Anyway, clearly your method of writing as you describe it in your fourth paragraph here is very very different and allows for a play of levels and discourses in a different set of ways that is most compellingly pleasing-and-disturbing. I don’t know how many people rewrite their works. Most people you and I like a lot in their writing do I think revise, rejuxtapose, refinish, scratch and contort their work variously between the sketches, notes, and drafts it starts from and a final piece.

. . .

I thought a little more (endlessly) and recently listened also to a ‘reading’ I gave at St Marks on 3 9 2005 in which I first gave a tentative and unresolved short reading (with some improvisation) from the Open Notebooks section of what was then my brand new book and then I did an improvisational piece that lasted about 25 minutes I think. Just standing against the white wall or pacing and gesturing, talking. It was on the same model as the piece I had already done at Discrete Series in Chicago (which Erika Staiti used verbatim for a video — both are linkable to from my website, stevebensonasis) but it comes out very different, less ruminative and airless, more artificial and passionate. I could send it to you via Dropbox if you like. But the point of saying so is that this is another way I have revised work, as if ‘in the camera’ as I’m speaking an improvised work, by ‘repeating’ the same utterance with a discrete or indiscreet alteration on more or less every iteration. (I also did this in a work called “Enter,” during which I was also writing other variations on the same clauses, and it’s not available from me in video but I made a text version of the entire thing and that’s also on line.) For a few years I focused on this approach to improvising/revising works, with mixed satisfaction, in that some episodes were marvelous to me and some highly disappointing as some limitations, in myself or the method, showed in a dull tiresome way. I had felt that way about the St Marks piece until I re-heard it while driving on Friday.

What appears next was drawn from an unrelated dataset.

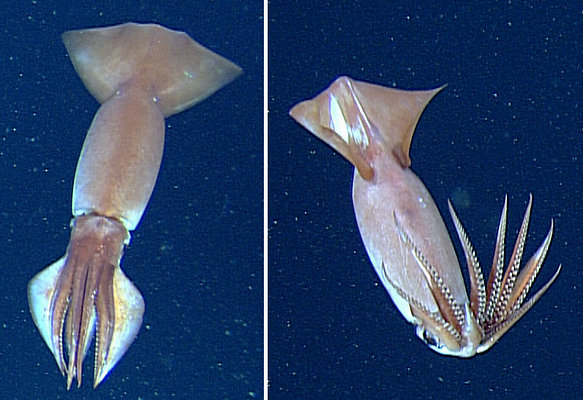 Comments | In situ photograph of Gonatopsis borealis taken at a depth of 366 m (daytime). Note the well developed keels on Arms III and the lack of tentacles. |

A way I have done work that is in a sense private and not poetry (as your trance vocalizations may be) is the piano improvisations, which my Yamaha can record up to two of at a time, and which I gradually begin to download into my laptop and post occasionally at ReverbNation. I have also made a link from the website to the page there lately. These are not my best — the best have all been played without recording, or the recordings lost. I often have wondered whether and how I could work piano playing into my poetry readings but, aside from the difficulty often of arranging a keyboard at all, I haven’t yet found any way in which the two mix. That may eventually come.

Another thing I thought of about how I edit in situ while improvising work orally or in text is that I think I am gauging whatever I produce relative to the listener/reader’s access to something. I am not maintaining any specific or consistent idea of what I want the reader or listener to be able to grasp, understand, or hang on to, so that the handholds or hooks or openings toward significance or interest are mercurial sometimes and always subject to change. But I am aware that I also can’t really make the work totally oblivious to the other who is attending to it (actually or potentially), and a few attempts at work that are procedurally focused on chance applications of words to page without attempts at linkage or attachment of any kind have never (to my recollection) made it into the presence of any public. Stuttering or shouting m ay be a way of offering such access, as well as grammatical and semantic familiarity or representation (in the sense that “You believe in crouching play antiphonies,” for instance, represents a person having some kind of conviction in entities with specific characteristics, even if it’s hard to tell what this may mean).

Usually, all the same, I do mean things by what I utter in such improvisations; I am usually saying things that I believe are ethically acceptable to utter as assertions, even though they may not be particularly valuable in and of themselves, and even though some things I say are presented merely as gestures for some momentarily palpable reason and I really don’t mean them as assertions in the world of my own understandings, even though I may not indicate any difference between them and gestures I would indeed ‘stand behind.’